With the pictures left out, restate exactly the part below that opens with the line containing "Acesse recomendações de" and closes with the line containing "Outside factors have".

* _Data for the task_:

-- Opening Marker --

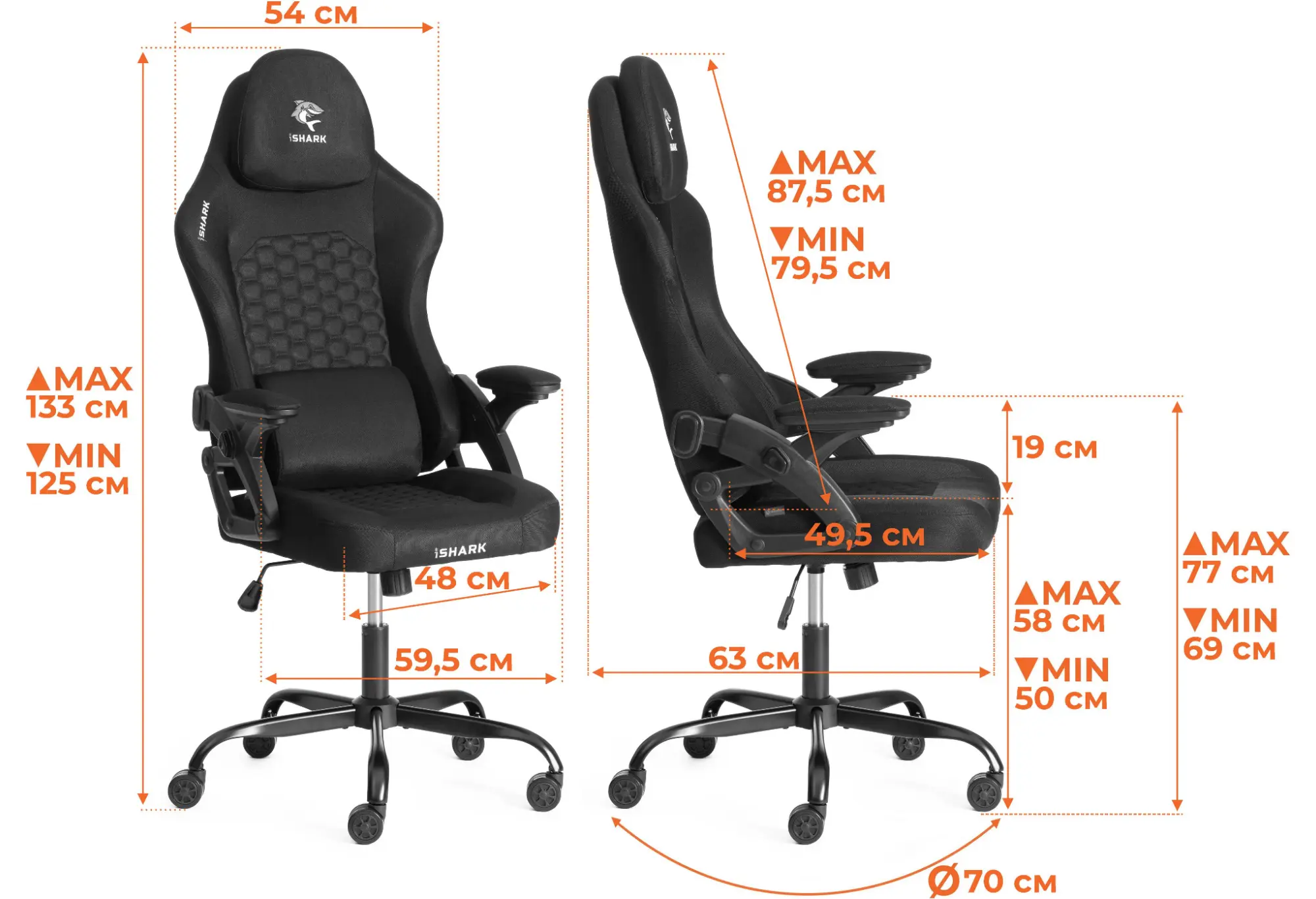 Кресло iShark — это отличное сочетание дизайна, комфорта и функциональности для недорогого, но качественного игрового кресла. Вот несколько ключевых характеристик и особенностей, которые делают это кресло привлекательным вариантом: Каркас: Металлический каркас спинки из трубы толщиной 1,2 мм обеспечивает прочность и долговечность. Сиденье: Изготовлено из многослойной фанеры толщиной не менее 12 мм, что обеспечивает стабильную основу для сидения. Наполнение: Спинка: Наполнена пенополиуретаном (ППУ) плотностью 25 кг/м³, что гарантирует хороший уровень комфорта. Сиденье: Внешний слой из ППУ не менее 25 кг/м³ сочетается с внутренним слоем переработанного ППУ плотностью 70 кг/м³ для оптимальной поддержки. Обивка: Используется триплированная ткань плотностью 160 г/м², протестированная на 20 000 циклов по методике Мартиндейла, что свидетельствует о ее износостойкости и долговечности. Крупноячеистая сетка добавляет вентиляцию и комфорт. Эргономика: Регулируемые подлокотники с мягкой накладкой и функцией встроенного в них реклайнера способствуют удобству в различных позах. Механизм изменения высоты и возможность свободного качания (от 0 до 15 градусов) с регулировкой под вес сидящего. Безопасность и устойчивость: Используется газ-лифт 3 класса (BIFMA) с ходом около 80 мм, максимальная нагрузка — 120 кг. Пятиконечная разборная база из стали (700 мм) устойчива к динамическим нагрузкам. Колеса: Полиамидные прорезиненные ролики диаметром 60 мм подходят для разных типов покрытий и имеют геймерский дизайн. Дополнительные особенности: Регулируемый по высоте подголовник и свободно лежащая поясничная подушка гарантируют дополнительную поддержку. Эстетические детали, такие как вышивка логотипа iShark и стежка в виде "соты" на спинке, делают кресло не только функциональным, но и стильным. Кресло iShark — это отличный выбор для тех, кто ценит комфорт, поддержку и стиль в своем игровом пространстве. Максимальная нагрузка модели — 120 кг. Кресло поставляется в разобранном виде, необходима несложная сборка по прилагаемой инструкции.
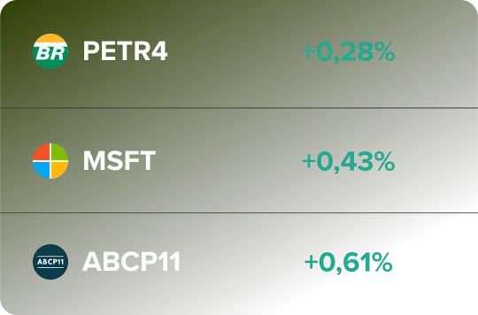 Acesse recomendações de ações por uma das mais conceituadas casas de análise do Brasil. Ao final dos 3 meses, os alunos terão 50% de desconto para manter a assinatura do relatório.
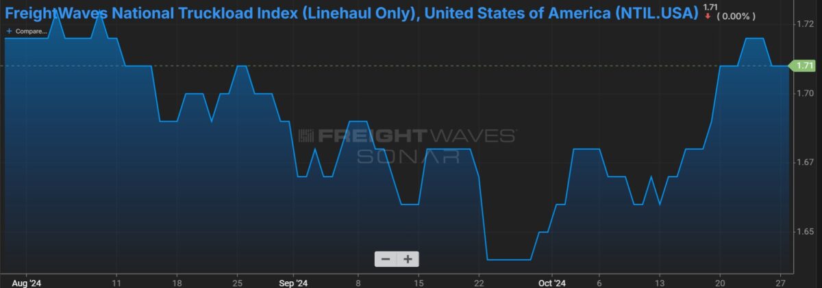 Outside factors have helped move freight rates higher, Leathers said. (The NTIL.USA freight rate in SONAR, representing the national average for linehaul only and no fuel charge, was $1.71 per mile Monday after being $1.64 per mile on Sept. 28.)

-- Closing Marker --
-- Opening Marker --

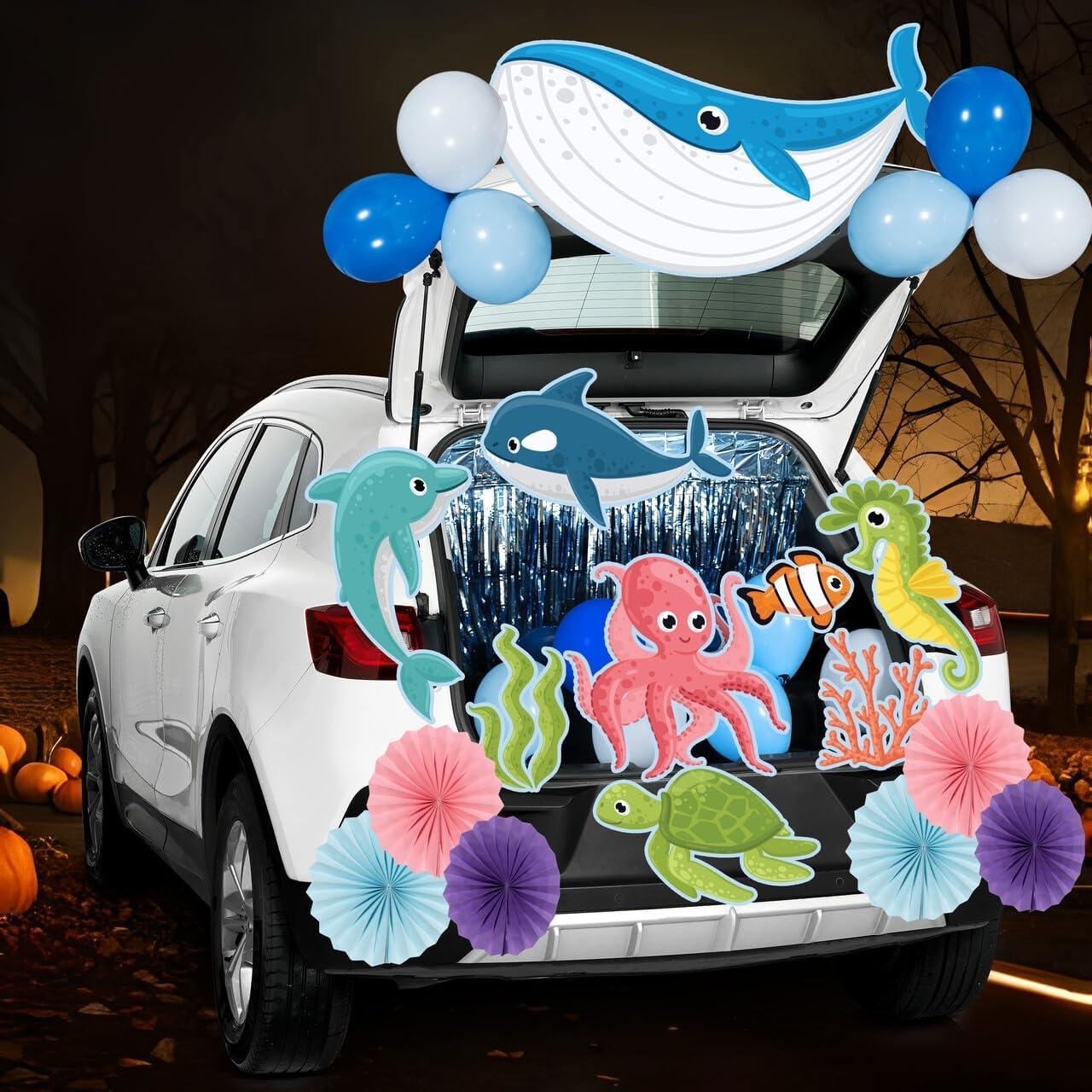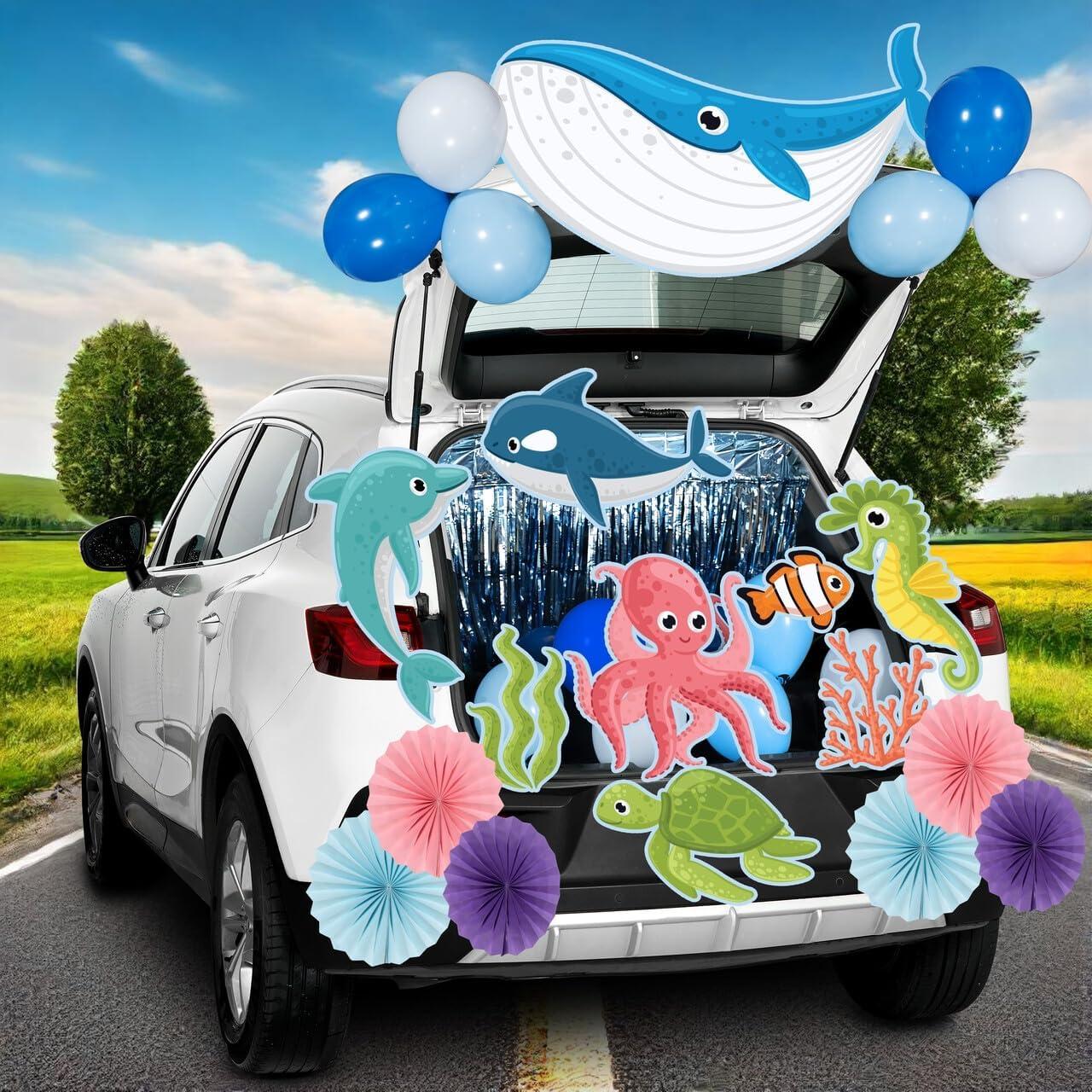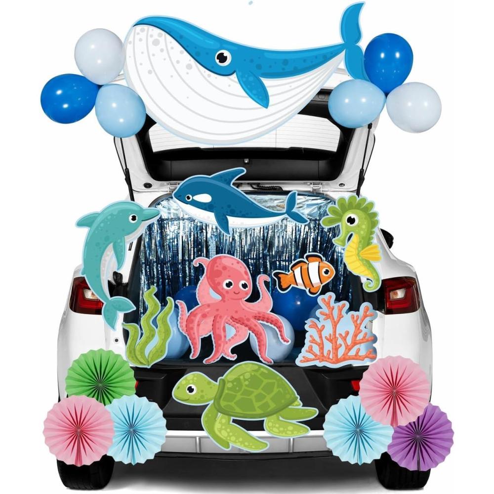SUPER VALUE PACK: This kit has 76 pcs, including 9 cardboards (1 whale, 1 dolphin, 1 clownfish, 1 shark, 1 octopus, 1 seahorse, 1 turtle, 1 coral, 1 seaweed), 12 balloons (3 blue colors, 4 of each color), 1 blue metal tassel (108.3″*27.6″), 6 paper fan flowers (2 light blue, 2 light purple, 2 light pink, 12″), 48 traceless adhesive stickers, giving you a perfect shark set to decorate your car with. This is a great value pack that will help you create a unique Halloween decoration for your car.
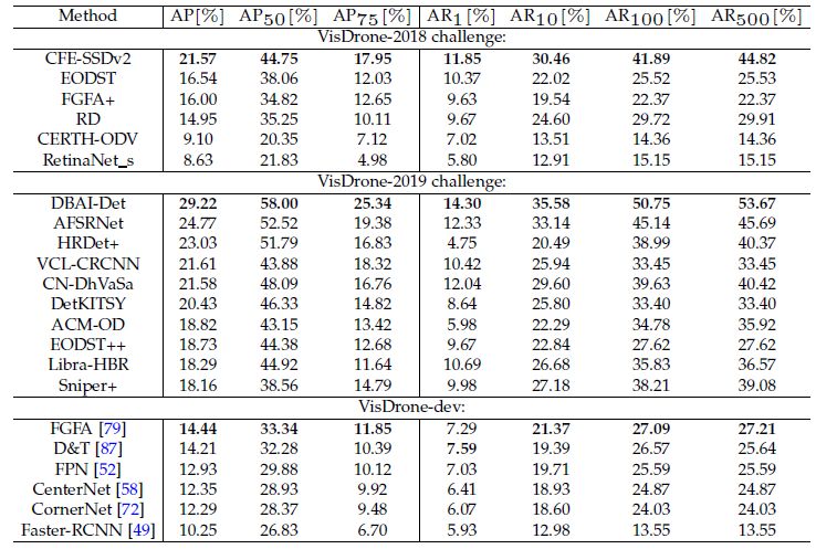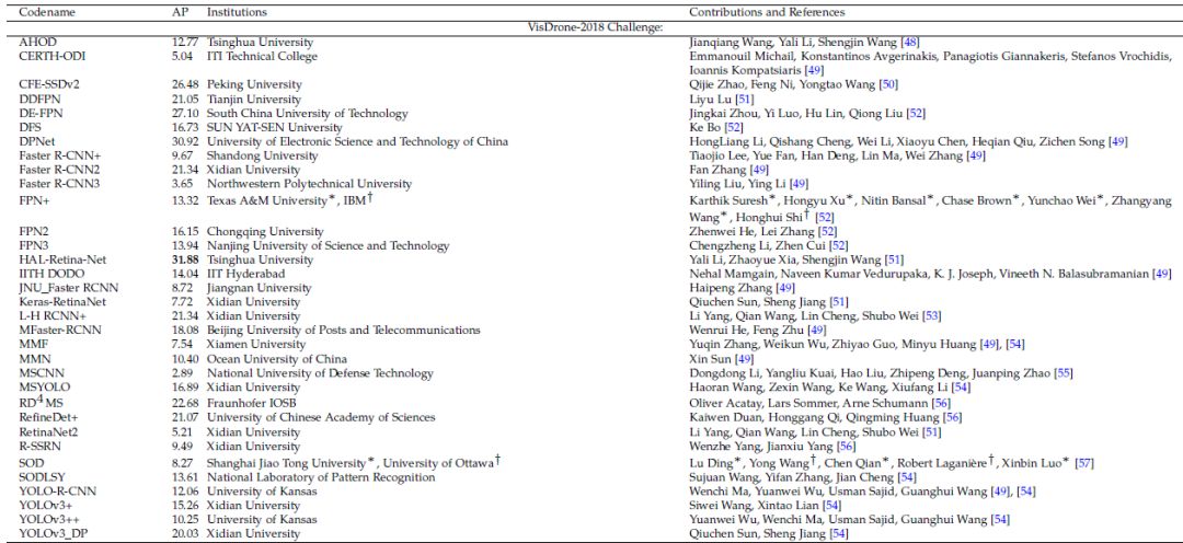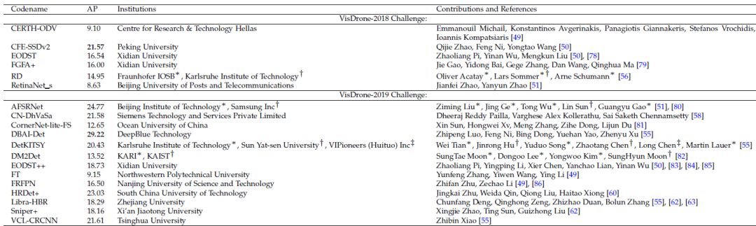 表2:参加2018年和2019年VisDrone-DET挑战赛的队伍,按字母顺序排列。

-- Closing Marker --

* _Your response_:
 Acesse recomendações de ações por uma das mais conceituadas casas de análise do Brasil. Ao final dos 3 meses, os alunos terão 50% de desconto para manter a assinatura do relatório.
 Outside factors have helped move freight rates higher, Leathers said. (The NTIL.USA freight rate in SONAR, representing the national average for linehaul only and no fuel charge, was $1.71 per mile Monday after being $1.64 per mile on Sept. 28.)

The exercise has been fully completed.